If you’ve really already proved that metrics $p$ and $d$ related in that way generate the same open sets, you’re practically done, but you’re trying to make it much too complicated. Suppose that $\langle x_n:n\in\Bbb N\rangle$ converges to $x$ with respect to $d$; you want to show that it converges to $x$ with respect to $p$ as well. Let $U$ be an open nbhd of $x$. Then since $\langle x_n:n\in\Bbb N\rangle\underset{d}\longrightarrow x$, there is an $m\in\Bbb N$ such that $x_n\in U$ for all $n\ge m$. But that’s also exactly what it means for $\langle x_n:n\in\Bbb N\rangle$ to converge to $x$ with respect to $p$, so $\langle x_n:n\in\Bbb N\rangle\underset{p}\longrightarrow x$.

It’s in the proof that $d$ and $p$ generate the same topology that you would use the constants $k$ and $t$. But it’s not necessary to prove first that $d$ and $p$ generate the same topology: you can prove this result directly.

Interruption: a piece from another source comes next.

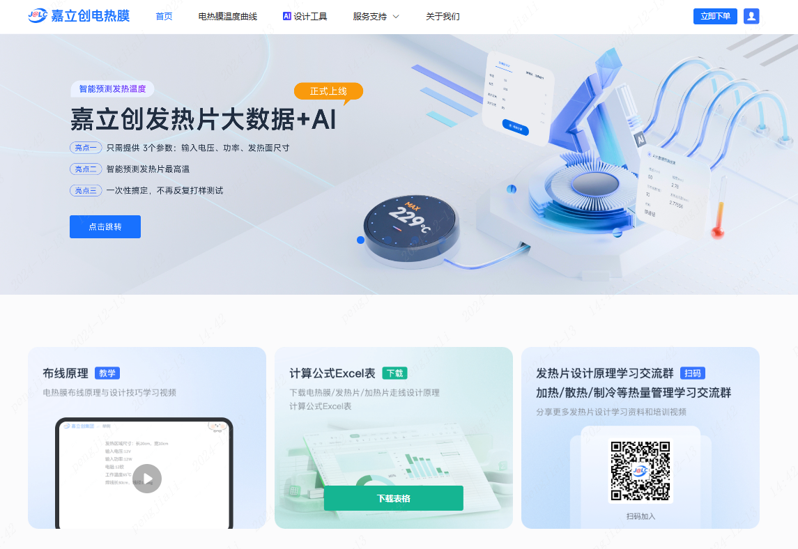 ② 首创发热片行业大数据+AI模型,输入四个参数即可智能预测发热片最高温,一次打样搞定终品,不再需要为一款产品频繁修改设计和打样,节省大量时间成本和经济成本。

Suppose that $\langle x_n:n\in\Bbb N\rangle\underset{d}\longrightarrow x$. Then for each $\epsilon>0$ there is an $m_\epsilon\in\Bbb N$ such that $d(x_n,x)<\epsilon$ for each $n\ge m_\epsilon$. This immediately implies that $p(x_n,x)<t\epsilon$ for each $n\ge m_\epsilon$. Thus, for each $n\ge m_{\epsilon/t}$ we have $p(x_n,x)<t\cdot\frac{\epsilon}t=\epsilon$, and it follows that $\langle x_n:n\in\Bbb N\rangle\underset{p}\longrightarrow x$. The opposite implication is proved similarly, using the fact that $d(x,y)\le\frac1kp(x,y)$ for all $x,y\in X$.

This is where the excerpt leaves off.